Well, the phrase that there is little information on the Internet is generally incomprehensible. There is not just a lot of information on this topic, but an extremely large amount.
Well, I just typed it into Google - and immediately:
https://habr.com/ru/post/495884
https://habr.com/ru/post/505338/
Maybe the problem is that you started studying immediately with neural networks without understanding the basics of machine learning?
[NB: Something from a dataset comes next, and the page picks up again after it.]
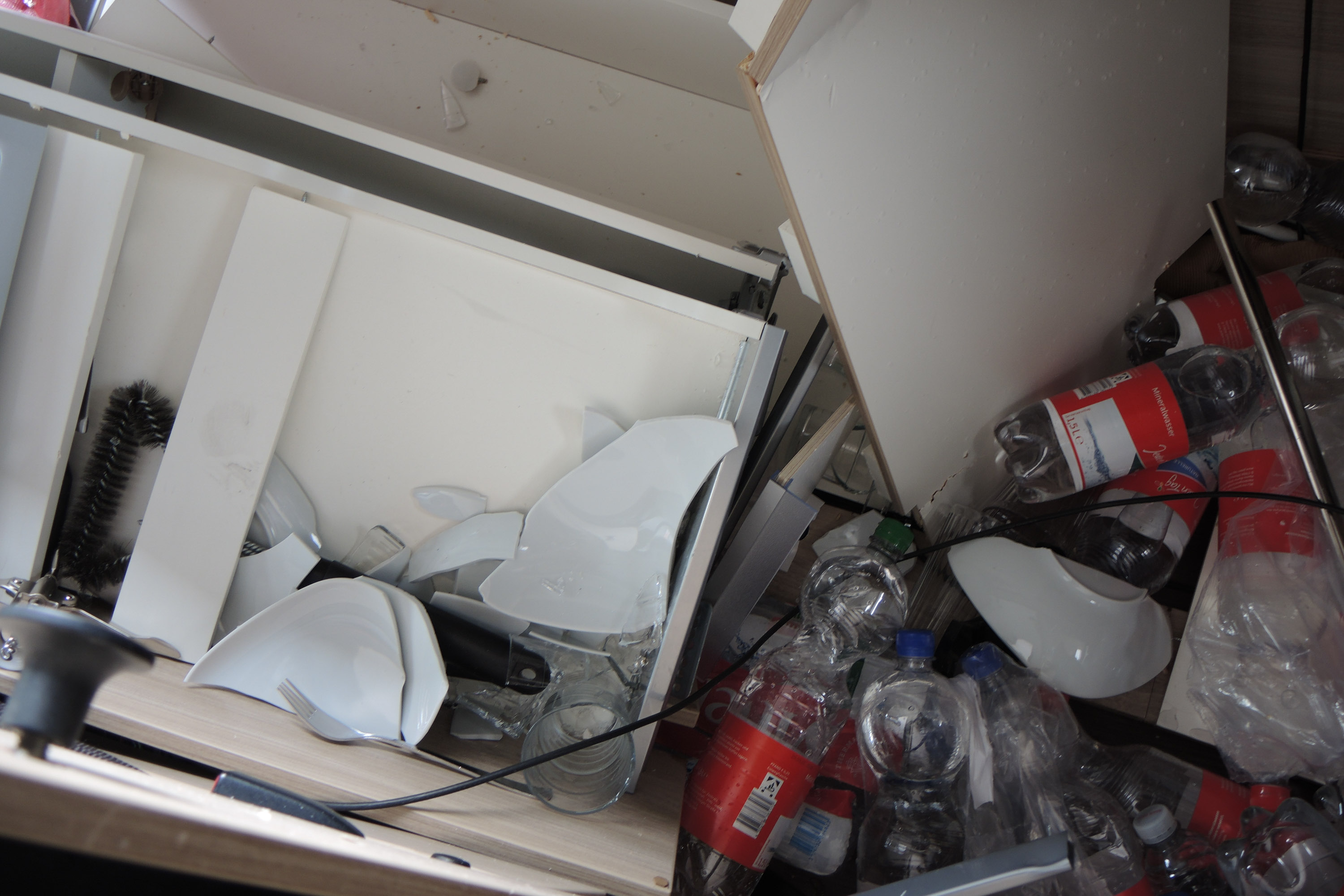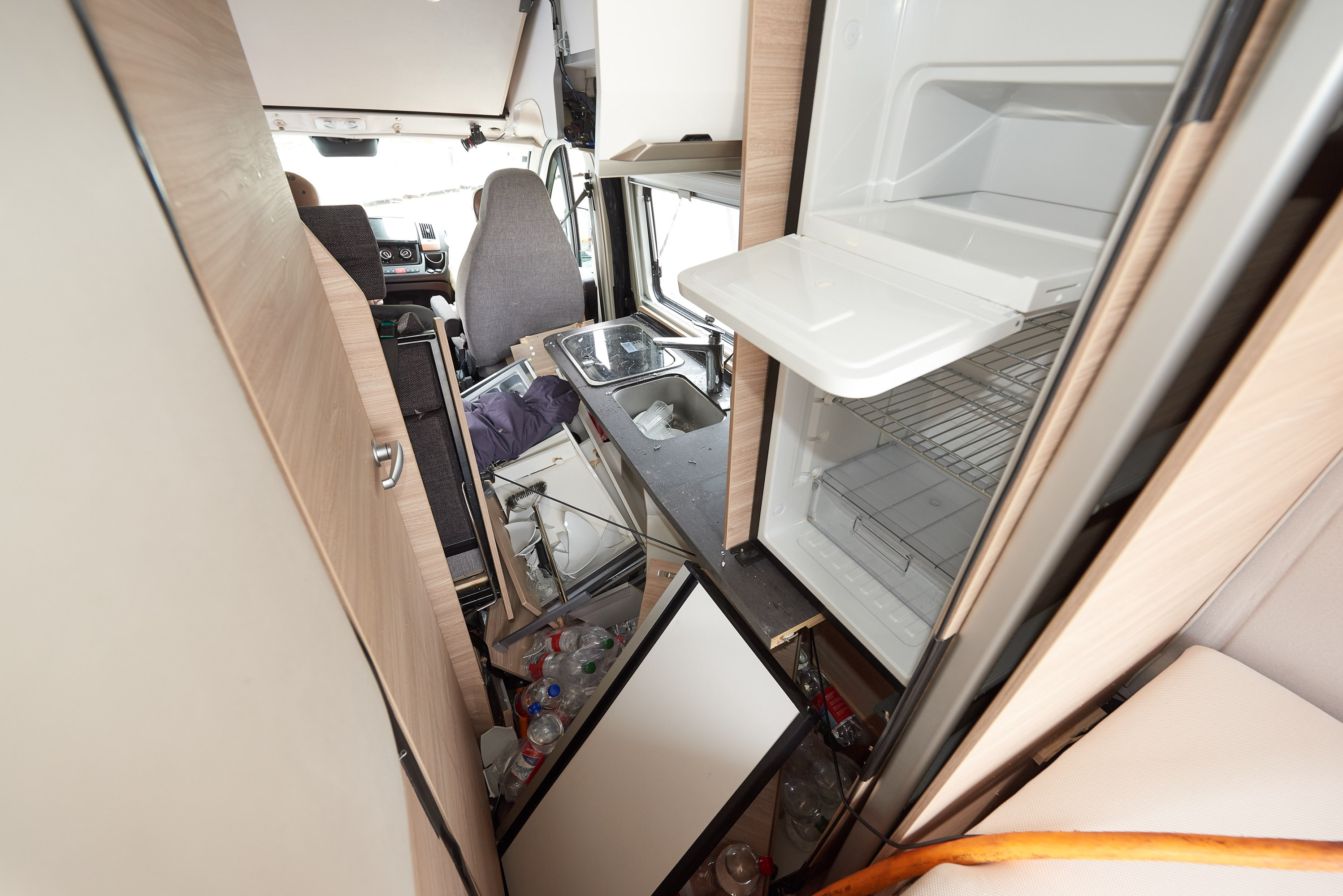 Bivalna nadgradnja je razmeroma dobro vzdržala obremenitve ob trku. Obe dvojni postelji - zadaj in v povišani podstrehi -, kopalnica, prečno nameščena boksa pod zadnjo posteljo in pritrjen tovor v prtljažniku niso predstavljali nobene nevarnosti za potnike v avtodomu. Zgledno je svojo nalogo opravil tudi varnostni sistem plinske napeljave za kuhanje in ogrevanje, saj je ob trku varnostni ventil prekinil oskrbo s plinom in tako zmanjšal nevarnost požara. Najbolj poškodovani so bili kuhinjski elementi, ki so med seboj povezani le z lesnimi vijaki. Sila trka je odtrgala kuhinjske predalčnike pod pultom. Posoda in živila so poletela vse do naslonjala voznikovega sedeža, polomljeno kuhinjsko pohištvo pa je še dodatno blokiralo poškodovana drsna vrata. Tako kot ostali elementi bivalne opreme bi tudi kuhinja morala biti močneje pritrjena v karoserijo.

In essence, the answer to the question is that in order to build a forecast "out of sample", you must first build a model (train the neural network on the training dataset), then validate the model (i.e. check the performance of the model on the test dataset), and only then set independent inputs variables (exactly - a point in time, and possibly - the values of other independent variables at this point in time) and the model should give you a predictable result.
But in order to better understand this, I recommend that you still get acquainted with the basic concepts of ML, including the theory of time series. Then there will be no such school questions in the future.